I smile to myself as he caresses my bottom tenderly.
He yanks my hair in a tight hold, forcing me to sit up and lean on my hands.
The affectionate, romantic mood gone .
He growls, “Let’s get this over with then” harshly yanking my hair. I’m still stuck in the ecstasy of feeling the heat leaving my body, so I don’t push and shove against him. I scream when he enters me roughly in one quick motion, filing me completely. It leaves me panting breathlessly. He doesn’t stop to give me time to adjust to him. He recedes then pushes back in even harsher, making me scream out again. With every thrust I feel my temperature dropping so I don’t stop him. Tyler makes wild sounds behind me. He continues to tug fistfuls of my hair, bending my head back harshly. I squeeze my eyes shut, letting the tears fall silently. I don’t dare make a sound. Tears of relief fall as the heat leaves my body. I cry because I yearn for my loving caring mate, but this is all I’ll ever get from Tyler. I’m taking it even though I know I don’t deserve to be treated this way. The only sounds that fill the room are coming from him and the springs in the bed as they squeak.
He starts moving in a rhythm, the hand resting on my left hip squeezes hard as he grunts. I feel a sensation building within my core. I try to even my breathing as he continues his assault on my body, praying that it will be over soon. His hand tightens on my hair, the fist that holds it gripping tighter. Then I feel him tense then shudder. He slowly untangles his hand from my hair then pulls out of me. I fall flat on the bed, exhausted and relieved that the whole ordeal is over with. I turn my head away from where he stands looking down at my half naked body before he walks out of the room. I listen for a few moments, hearing the front door slam and his car skid away. A tear falls down my face, not once did he kiss me or talk me through the experience.
I slowly get myself off the bed feeling dirty and used, even though I asked him for it. I’m colder now and even though I should welcome the coldness in, all I want right now is the warmth back. I look down at the evidence of my shattered virginity on the sheets of the bed. I rip all the blankets off and rush off to throw them in the washing machine.
Next stop. Shower.
As the fruity smell of the conditioner runs through my hair, I think about the scene that played out moments before. I wince at the flashbacks. I quickly stop all thoughts, focusing on getting the knots out my hair.
My body aches and I feel a little discomfort, but it’s nothing compared to what I’ve been through in the past. I put on one of my shirts and a pair of shorts, trying to keep myself around the tree house and my thoughts about Tyler at bay.

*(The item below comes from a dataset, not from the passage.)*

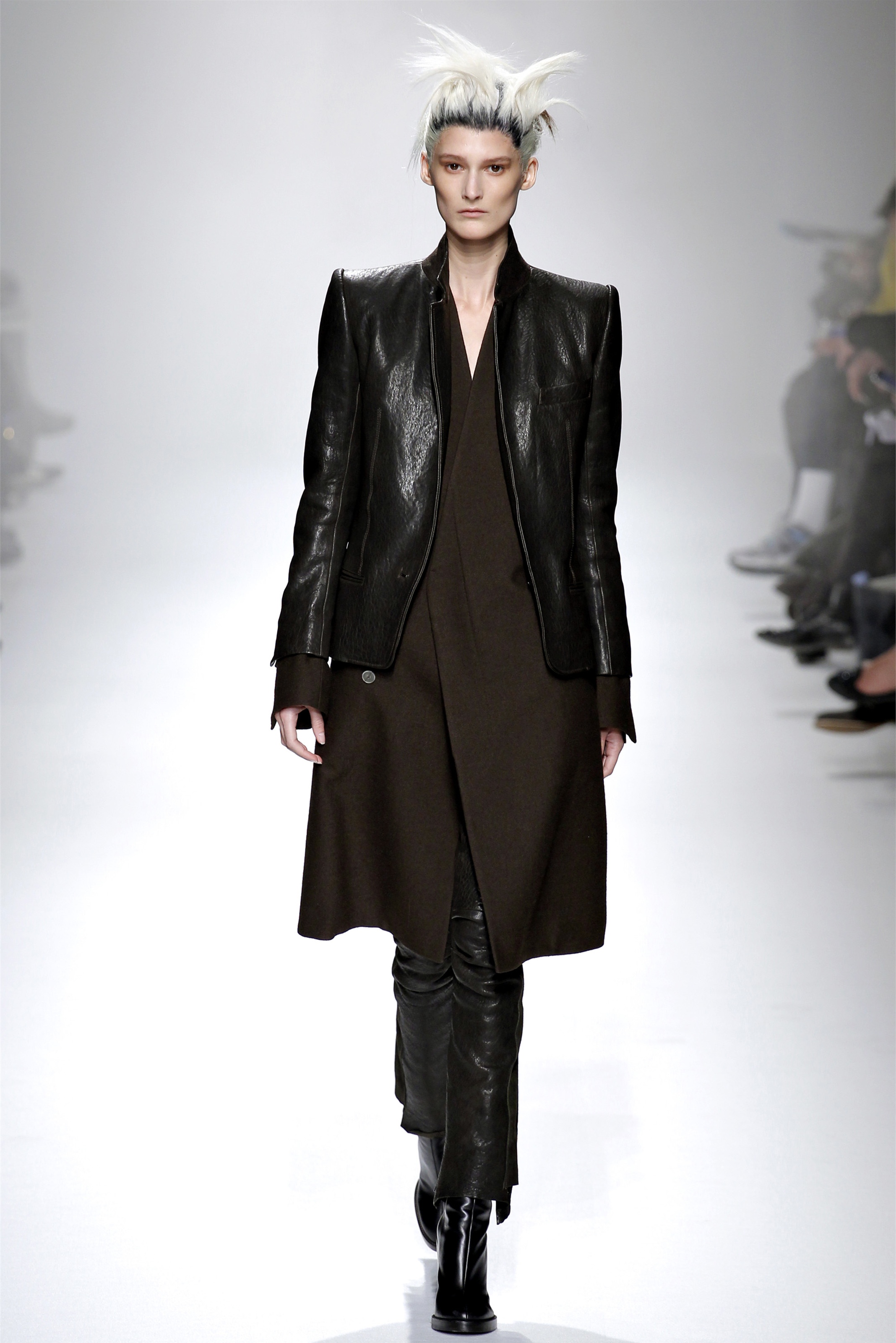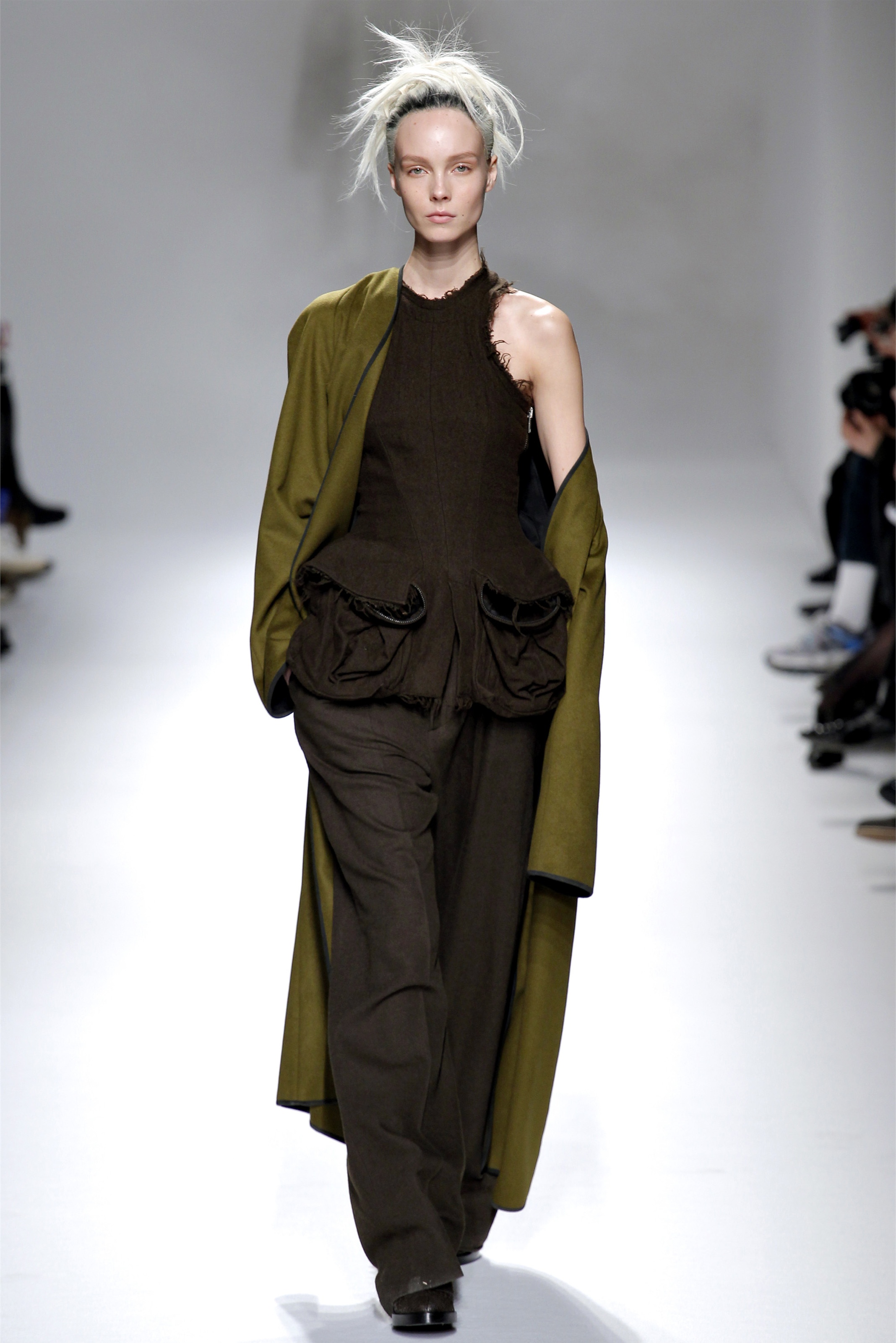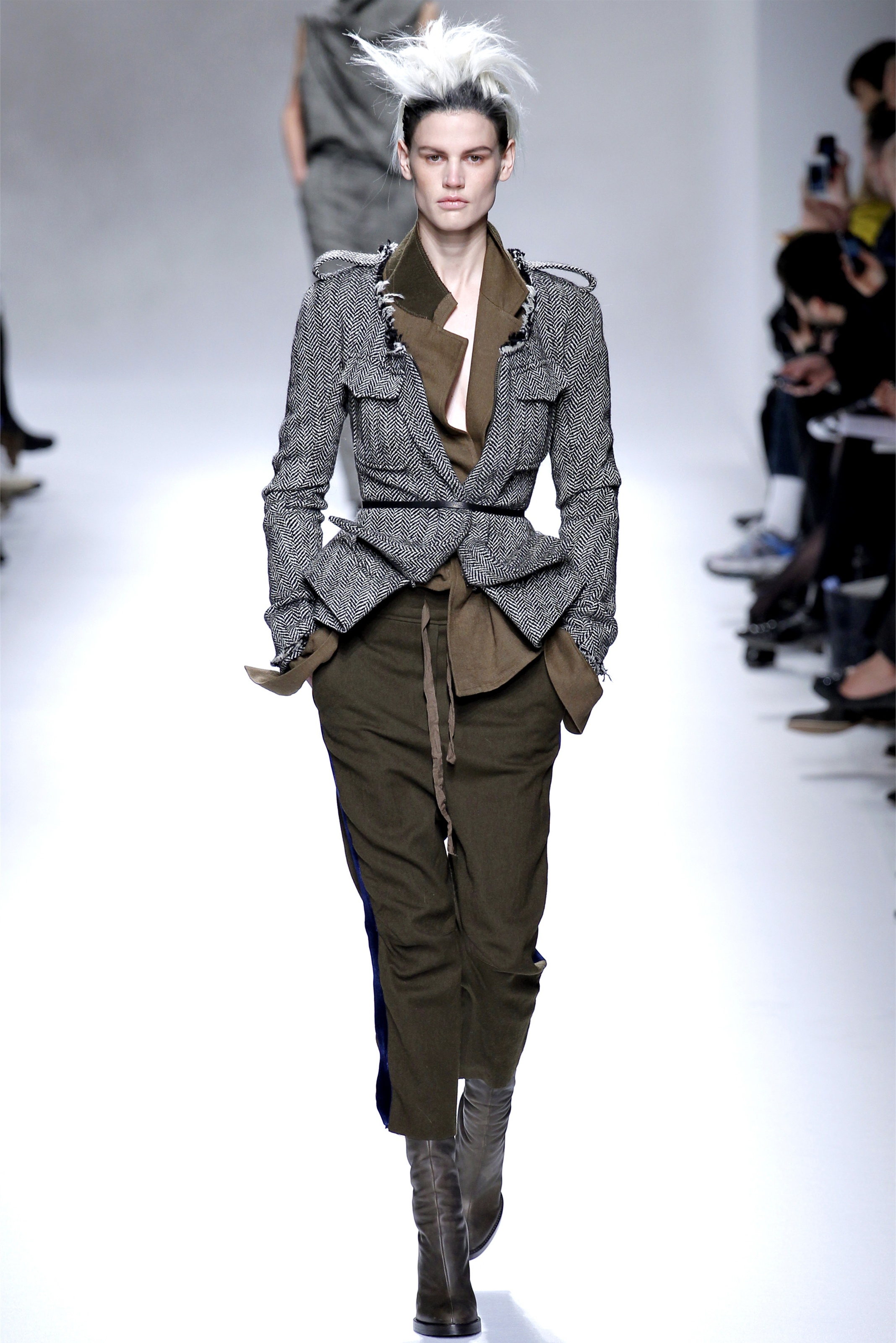 When you see his clothes in the front rows—and we've seen plenty this week, not just on Tilda Swinton—it's the sharper pieces that his customers gravitate to, with strong shoulders and defined waists. Gratifyingly, there was more of that sort of thing on the runway in the form of a houndstooth military jacket with the collar torn off and the seams left raw, or another jacket in surplus brown with purple velvet lining its ruffled peplum.

I don’t have a phone and I don’t know if he’s coming back to fetch me. To be honest, after the entire ordeal… I’d prefer to have some alone time. After two hours go by, thoughts of losing my virginity to Tyler start resurfacing. I decide to block it all off, act as though it didn’t happen, that I didn’t enjoy the possessiveness his body had over me. I’m good at shutting things out so this should be a piece of cake.
I try link with Talon, I’ve told him about my heat and I wonder if Tyler has told him about us having sex.
“You looking for me?” I hear Talon’s worried voice as he links.
“Yeah. How’s things your side?” I know I’m delaying the inevitable, but I’m a little scared to tell him that I slept with his brother.
“Its… things are… it’s busy,” he stutters. Clearly everything is still hush-hush so I don’t push for answers.
“How you doing, baby? Are you coping with the heat? You sound better?” He sounds worried.
I’m quiet for a few seconds then I take a deep breath and link back to him, “My heats over Talon.”
Now it’s his turn to be quiet, “What do you mean? You still have-” He abruptly stops talking.
“You slept with my brother.” His words are flat.
I try to butt in but he’s on a roll. “I’ve been trying so fucking hard, showing you how much I love you and how badly I want to make this work between us. You hardly show me any affection in return, Angel. Do I need to treat you like shit to get some action?” I can feel his fury and I know his words are only fuelled by his anger. I had no idea he would act this way. Talon has never showed any jealously toward his brother -neither has Tyler- but now… hearing the cruelness in his words. I’m not sure how this mate shit is meant to work between the three of us if the twins are jealous of each other.
I don’t bother replying. I shut off the link and build those walls in my mind back up. I’ll speak to him when he’s calmer.